What is Third Party Auto Insurance?
Third party insurance coverage may sound complicated, but it’s actually the most commonly required form of car insurance in the United States.
Third party car insurance, also known as liability coverage, is pretty simple to understand once you know what the “third party” part stands for.
When you speak about yourself, you are said to speak “in the first person.”Likewise. in car insurance, the person or organization purchasing car insurance coverage is the first party. The insurance company you buy insurance from is the second party.
So where does the third party part come in? Well, if you are liable in an accident, you might hurt another person or their property, and that’s the third party in this situation.
There are two main types of third party coverage, and they cover both other people and their property. Property Damage Liability (PDL) insurance covers stuff, and Bodily Injury Liability (BIL) covers people. PDL covers things like replacing or repairing another person’s car, home, or even land (such as if you accidentally knock a telephone pole down into someone’s yard and professionals need to haul it away). BIL coverage will provide for medical bills, funeral expenses, legal costs, and even lost wages.
Do I Need Third Party Coverage?
In most states, the answer is yes. In states that do not require minimum coverage, you’ll likely need to self-insure and provide evidence to the state that you would be able to pay for damages in the event of an accident.
But really, why risk a fortune that you could be forced to spend if you are unlucky enough to cause a serious accident?
Third Party Coverage Claims
The claims process for third-party coverage depends on whether you caused or were the victim of an accident.
If you caused the accident, be sure to file a police report and document as much information as possible about the accident. Be sure to also get a photo of the driver’s license and insurance card of the other party. The other party will be responsible for filing a claim against your car insurance. Your bill may go up depending on the severity of the accident and whether or not you have accident forgiveness.

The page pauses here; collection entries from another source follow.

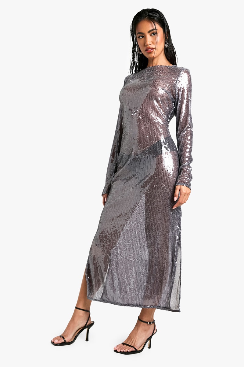 Abito lungo leggermente trasparente con paillettes.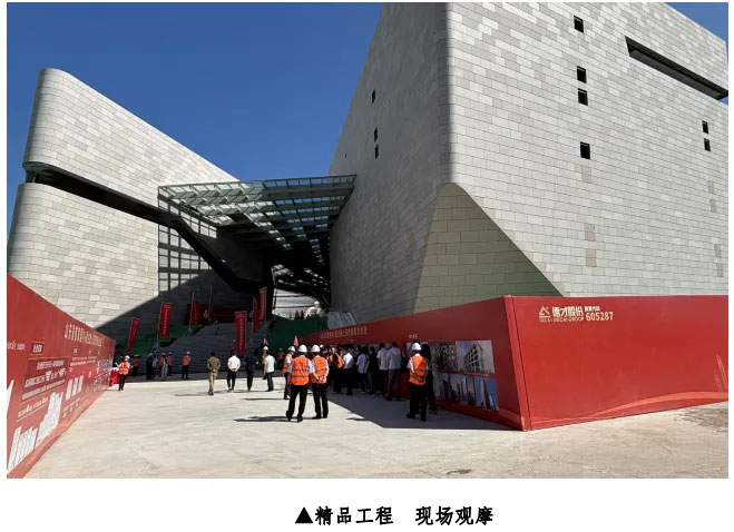 與會(huì)代表不僅在會(huì)場(chǎng)上思想碰撞、坐而論道,還近距離參觀了由德才股份承建青島博物館擴(kuò)建工程項(xiàng)目。該項(xiàng)目總投資5.69 億元,建筑面積 5.5 萬方,項(xiàng)目團(tuán)隊(duì)圍繞“魯班獎(jiǎng)”項(xiàng)目目標(biāo)深耕管理、科技創(chuàng)新、文明施工,匠心打造精品工程。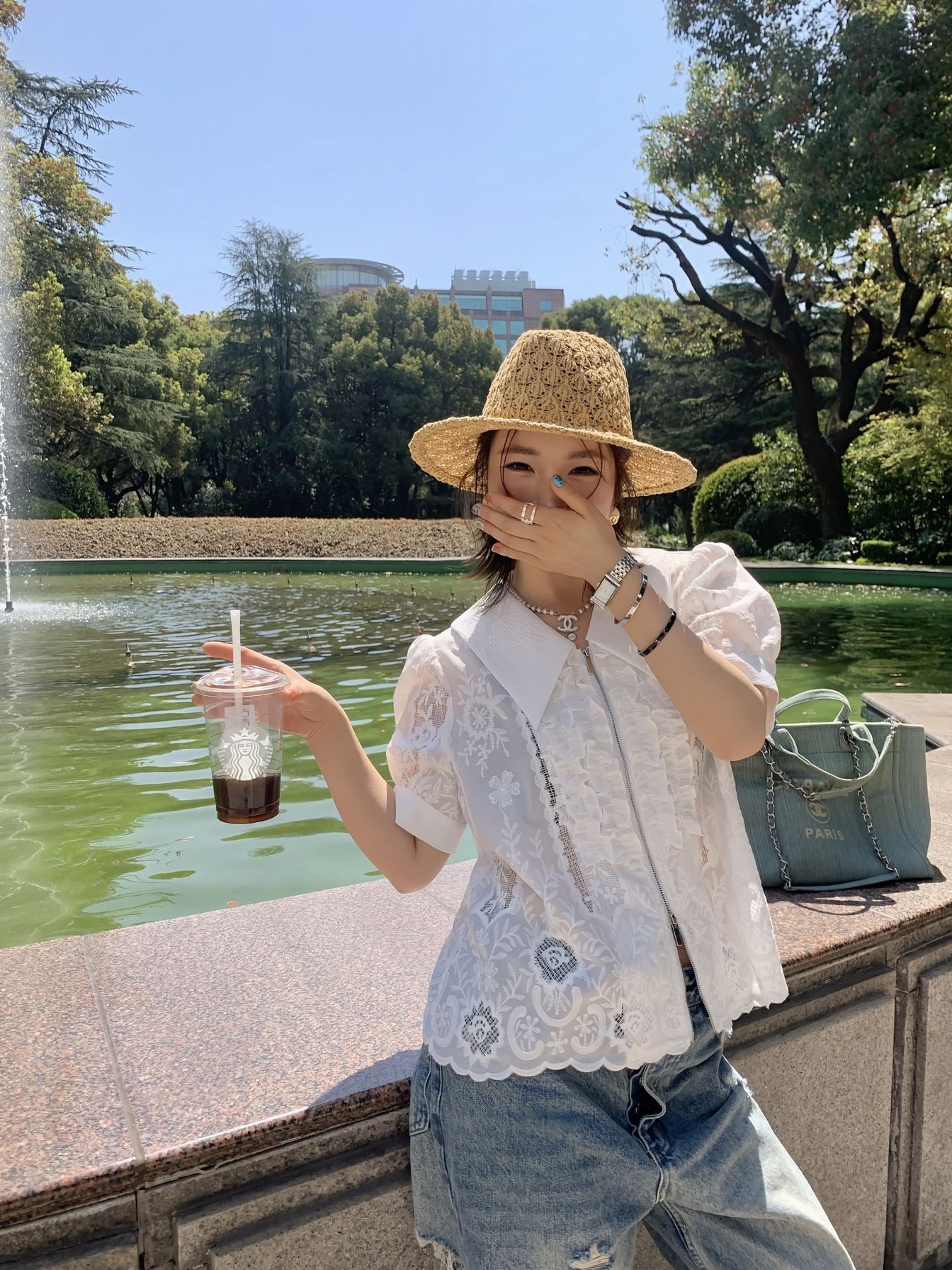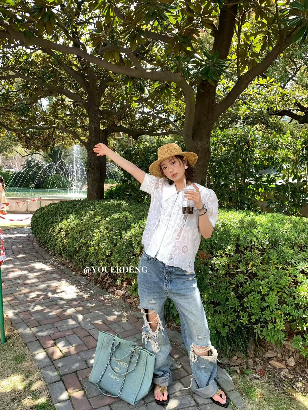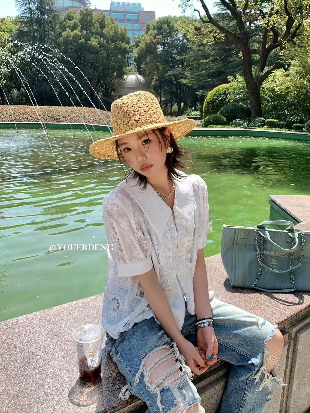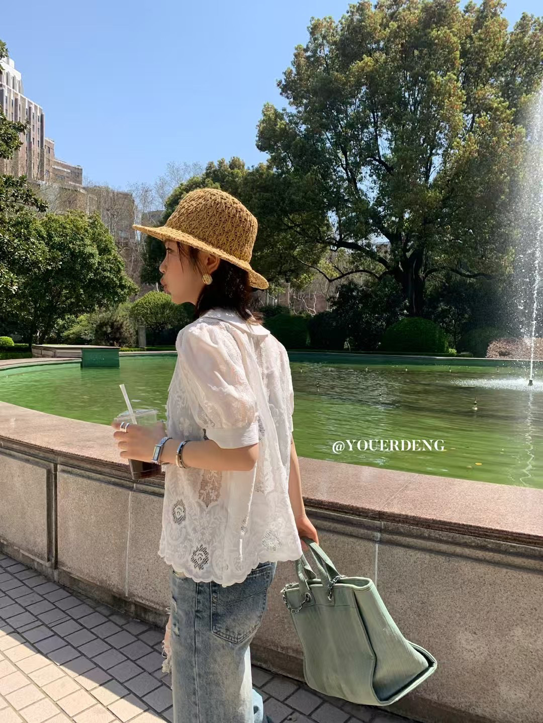 *o-ha-you*【FLKDD2025032】2025夏百搭韓系蕾絲拼接襯衫上下開拉鍊小姐姐短袖微透感小衫上衣小眾名媛寬鬆版小個子甜美上衣

If you are the one making the third-party claim, you would better hope the other party has insurance – otherwise, you may have to sue them for damages. If you are in an accident that is someone else’s fault, you still need to be sure and swap car insurance information with the other person and get their contact info. If they have car insurance, you will need to file a claim with their insurance company.
In order to file a claim, the claims rep will ask you for the at-fault driver’s information (name and policy number), contact info for any of the passengers, an accident report from the police, and detailed information about any medical issues or repairs on your vehicle that you’ve already paid for. Photos will come in handy here, too.
If you live in a no-fault state, you may have to use your own coverage for medical bills, but you will still file a property damage claim with the other party’s insurance.
What Third Party Coverage Does Not Include
Any damage to you, your passengers, or your property won’t be covered by BIL or PDL insurance. To cover yourself, you will need first party coverage. There are several types of first-party coverage. To protect your vehicle, you will need comprehensive and/or collision coverage. Collision coverage provides for your own vehicle in the event of an accident, and comprehensive coverage protects against the other stuff: Theft, or damage, or a weather event. To protect yourself, you will need personal injury protection (PIP), which pays medical bills in the event of an accident, and uninsured motorist coverage, which covers your bills if a driver without car insurance causes an accident.
Most states don’t require first-party insurance coverage, but it is always a good idea in order to protect yourself and your investments.